» Problem: From the data underneath, reproduce exactly the stretch that begins at the line with "Penjabat Sekretaris Daerah" and ends after the line with "四川一水运渡口正在进行消杀作业。 钟欣 摄".

» Supplied information:
════════════════════

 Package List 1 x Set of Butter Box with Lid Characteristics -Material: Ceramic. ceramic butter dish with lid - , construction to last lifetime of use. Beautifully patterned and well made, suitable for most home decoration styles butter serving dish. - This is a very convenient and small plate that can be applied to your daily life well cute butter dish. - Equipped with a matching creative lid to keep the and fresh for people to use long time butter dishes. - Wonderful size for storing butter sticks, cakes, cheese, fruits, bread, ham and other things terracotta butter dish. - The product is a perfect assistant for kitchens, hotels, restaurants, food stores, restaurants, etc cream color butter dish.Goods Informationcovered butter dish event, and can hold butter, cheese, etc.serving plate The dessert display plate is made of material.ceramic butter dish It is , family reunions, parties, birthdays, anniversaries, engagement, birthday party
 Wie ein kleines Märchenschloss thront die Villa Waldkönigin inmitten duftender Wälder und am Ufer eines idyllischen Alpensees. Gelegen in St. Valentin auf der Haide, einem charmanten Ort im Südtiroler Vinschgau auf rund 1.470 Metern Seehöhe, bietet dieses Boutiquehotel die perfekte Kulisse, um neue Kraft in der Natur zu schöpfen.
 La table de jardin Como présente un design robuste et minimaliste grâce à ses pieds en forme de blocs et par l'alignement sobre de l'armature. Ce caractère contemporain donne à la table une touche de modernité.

════════════════════

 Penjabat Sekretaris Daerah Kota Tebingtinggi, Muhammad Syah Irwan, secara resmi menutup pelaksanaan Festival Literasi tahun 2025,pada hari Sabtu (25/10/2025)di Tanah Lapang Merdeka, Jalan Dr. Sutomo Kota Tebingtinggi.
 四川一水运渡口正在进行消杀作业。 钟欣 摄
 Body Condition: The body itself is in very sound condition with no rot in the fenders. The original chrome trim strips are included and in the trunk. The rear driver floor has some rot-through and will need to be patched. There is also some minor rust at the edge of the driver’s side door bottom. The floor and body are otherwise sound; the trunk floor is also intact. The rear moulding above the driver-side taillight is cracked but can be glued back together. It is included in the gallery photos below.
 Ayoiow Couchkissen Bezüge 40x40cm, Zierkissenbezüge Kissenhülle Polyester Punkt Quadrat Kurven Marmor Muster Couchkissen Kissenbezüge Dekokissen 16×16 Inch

════════════════════

» Answer to this task:
 Penjabat Sekretaris Daerah Kota Tebingtinggi, Muhammad Syah Irwan, secara resmi menutup pelaksanaan Festival Literasi tahun 2025,pada hari Sabtu (25/10/2025)di Tanah Lapang Merdeka, Jalan Dr. Sutomo Kota Tebingtinggi.
 四川一水运渡口正在进行消杀作业。 钟欣 摄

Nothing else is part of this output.